**Problem**
An acceptable answer contains every record below, unchanged, and no pictures.

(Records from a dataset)
---------------

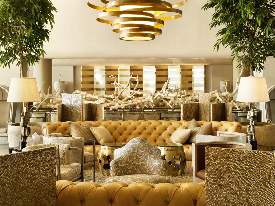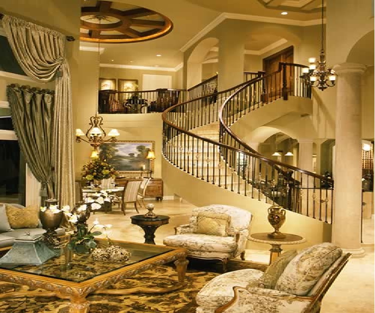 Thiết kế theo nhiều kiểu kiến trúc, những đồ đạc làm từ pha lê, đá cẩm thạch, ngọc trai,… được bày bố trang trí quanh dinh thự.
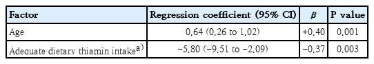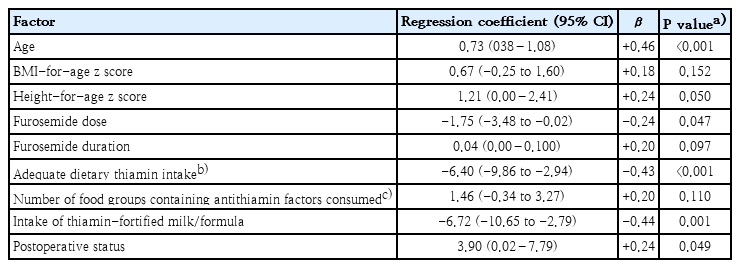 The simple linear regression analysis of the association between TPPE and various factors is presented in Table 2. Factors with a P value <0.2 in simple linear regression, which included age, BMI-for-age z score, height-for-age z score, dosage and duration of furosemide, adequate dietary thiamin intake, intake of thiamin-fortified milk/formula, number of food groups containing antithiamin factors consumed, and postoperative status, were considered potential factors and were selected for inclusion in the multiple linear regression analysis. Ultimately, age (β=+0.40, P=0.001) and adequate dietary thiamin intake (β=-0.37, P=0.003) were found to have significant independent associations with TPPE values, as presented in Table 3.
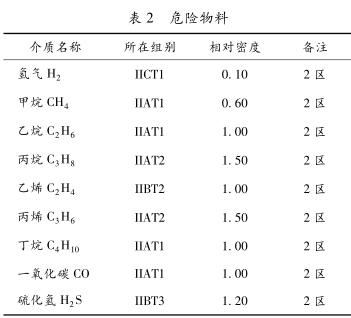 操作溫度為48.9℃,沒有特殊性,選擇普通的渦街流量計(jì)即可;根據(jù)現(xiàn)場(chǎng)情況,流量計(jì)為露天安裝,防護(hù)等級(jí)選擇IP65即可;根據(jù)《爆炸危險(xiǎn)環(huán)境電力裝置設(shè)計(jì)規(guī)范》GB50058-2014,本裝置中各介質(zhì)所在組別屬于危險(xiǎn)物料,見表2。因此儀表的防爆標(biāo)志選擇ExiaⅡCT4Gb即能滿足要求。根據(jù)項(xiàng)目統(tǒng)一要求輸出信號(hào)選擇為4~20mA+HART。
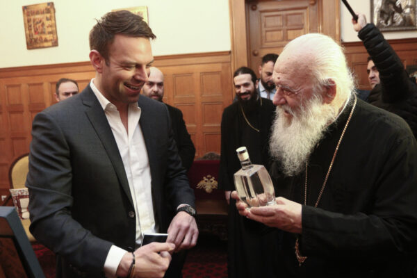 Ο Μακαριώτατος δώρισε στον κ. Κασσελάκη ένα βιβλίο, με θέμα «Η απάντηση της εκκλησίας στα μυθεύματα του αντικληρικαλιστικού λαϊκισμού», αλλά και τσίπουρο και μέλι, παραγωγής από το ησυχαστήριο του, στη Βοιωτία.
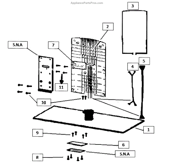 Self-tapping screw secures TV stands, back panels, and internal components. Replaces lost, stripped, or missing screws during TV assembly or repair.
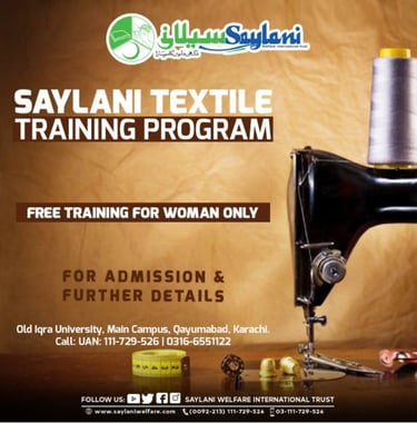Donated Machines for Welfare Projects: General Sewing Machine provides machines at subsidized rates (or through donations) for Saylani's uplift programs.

---------------

**Written answer**
 Thiết kế theo nhiều kiểu kiến trúc, những đồ đạc làm từ pha lê, đá cẩm thạch, ngọc trai,… được bày bố trang trí quanh dinh thự.
 The simple linear regression analysis of the association between TPPE and various factors is presented in Table 2. Factors with a P value <0.2 in simple linear regression, which included age, BMI-for-age z score, height-for-age z score, dosage and duration of furosemide, adequate dietary thiamin intake, intake of thiamin-fortified milk/formula, number of food groups containing antithiamin factors consumed, and postoperative status, were considered potential factors and were selected for inclusion in the multiple linear regression analysis. Ultimately, age (β=+0.40, P=0.001) and adequate dietary thiamin intake (β=-0.37, P=0.003) were found to have significant independent associations with TPPE values, as presented in Table 3.
 操作溫度為48.9℃,沒有特殊性,選擇普通的渦街流量計(jì)即可;根據(jù)現(xiàn)場(chǎng)情況,流量計(jì)為露天安裝,防護(hù)等級(jí)選擇IP65即可;根據(jù)《爆炸危險(xiǎn)環(huán)境電力裝置設(shè)計(jì)規(guī)范》GB50058-2014,本裝置中各介質(zhì)所在組別屬于危險(xiǎn)物料,見表2。因此儀表的防爆標(biāo)志選擇ExiaⅡCT4Gb即能滿足要求。根據(jù)項(xiàng)目統(tǒng)一要求輸出信號(hào)選擇為4~20mA+HART。
 Ο Μακαριώτατος δώρισε στον κ. Κασσελάκη ένα βιβλίο, με θέμα «Η απάντηση της εκκλησίας στα μυθεύματα του αντικληρικαλιστικού λαϊκισμού», αλλά και τσίπουρο και μέλι, παραγωγής από το ησυχαστήριο του, στη Βοιωτία.
 Self-tapping screw secures TV stands, back panels, and internal components. Replaces lost, stripped, or missing screws during TV assembly or repair.
Donated Machines for Welfare Projects: General Sewing Machine provides machines at subsidized rates (or through donations) for Saylani's uplift programs.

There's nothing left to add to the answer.